Players must progress through seven levels, each ending in a boss fight. The weapons can be fired in all eight directions, but holding down the fire button allows strafing. Attacking within close range of an enemy will yield items, including point bonuses, weapon power-ups, and life. Enemy fire can be avoided with the dodge button. In "Team Battle" mode, the three selected soldiers can be cycled to utilize the traits and special weapons of each.

==Plot==
The Bloody Scorpions terrorist group have kidnapped scientist George Diamond and his granddaughter Cecilia Diamond in order to gain the powerful drug, Alpha-301, which converts normal people into superhuman soldiers. A special team composed of eight soldiers from different countries must fight through their ranks in order to get to their leader and save the scientist's granddaughter and the world. (The sequel, Shock Troopers: 2nd Squad, has a completely unrelated story and different characters.)

== Ports and re-releases ==
Shock Troopers was included in SNK Arcade Classics Vol. 1, a video game compilation for PlayStation 2, PlayStation Portable and Wii.

SNK Playmore released ports for PlayStation 3 and PlayStation Portable developed by M2 on August 25, 2011, on PlayStation Network via NEOGEO Station.

D4 Enterprise developed and published a port for the Virtual Console for Wii, which was released in Japan on May 22, 2012; in North America on October 25, 2012; and in Europe on November 8, 2012.

A port developed by DotEmu for Microsoft Windows, OS X, Linux and asm.js was released by SNK Playmore as part of the Humble NEOGEO 25th Anniversary Bundle on December 8, 2015. It was released on Steam on May 18, 2016, and on GOG.com on May 30, 2017. Hamster Corporation re-released the game as part of their ACA Neo Geo series for the PlayStation 4, Xbox One, Nintendo Switch, Windows, Android and iOS.

==Reception==
In Japan, Game Machine listed Shock Troopers as the thirteenth most successful arcade game of December 1998.

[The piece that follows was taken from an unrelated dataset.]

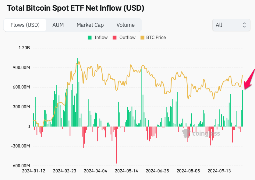Ifølge data fra Coinglass, den 14. oktober, registrerte alle spot Bitcoin ETF-er en inngang på $ 555,90 millioner. I tillegg nådde den totale handelsvolumen for Bitcoin ETF-er $ 2,78 milliarder, det høyeste siden 25. august.
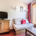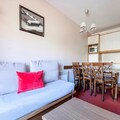 The property, along with its charming and spacious design, offers a comfortable stay for up to six people. The living room includes two sofa beds, one of which features a pull-out bed, while the two bedrooms are furnished with a double bed and two single beds, respectively. Guests can enjoy a furnished balcony with deckchairs and views of the slopes. The property is pet-friendly, with pets allowed for an additional charge. Other amenities include a television and a ski locker for added convenience. Optional services such as baby kits, bed linens, bathroom linens, and end-of-stay cleaning are available for an extra charge, with the flexibility of daily housekeeping upon request.

The game was very well received. Classic Game Room described Shock Troopers for the PlayStation 3 as an "amazing" shooter with "fantastic" gameplay, controls, and the best game of 2011, despite being just a re-release. Nintendo Lifes Corbie Dillard scored the Virtual Console release a 7/10 and opined it "succeeds in offering up an intense and explosive run-and-gun experience." Digitally Downloaded reviewer awarded it four-and-half stars out of five, stating: "If you’ve never played a run-n’-gun shooter before, Shock Troopers should be one of your top contenders, regardless of your skill level." According to Hardcore Gaming 101, unlike the version included in SNK Arcade Classics Vol. 1, the VC version "runs almost perfectly." The website especially hailed the game's "fantastic presentation that ranks among the best in the genre."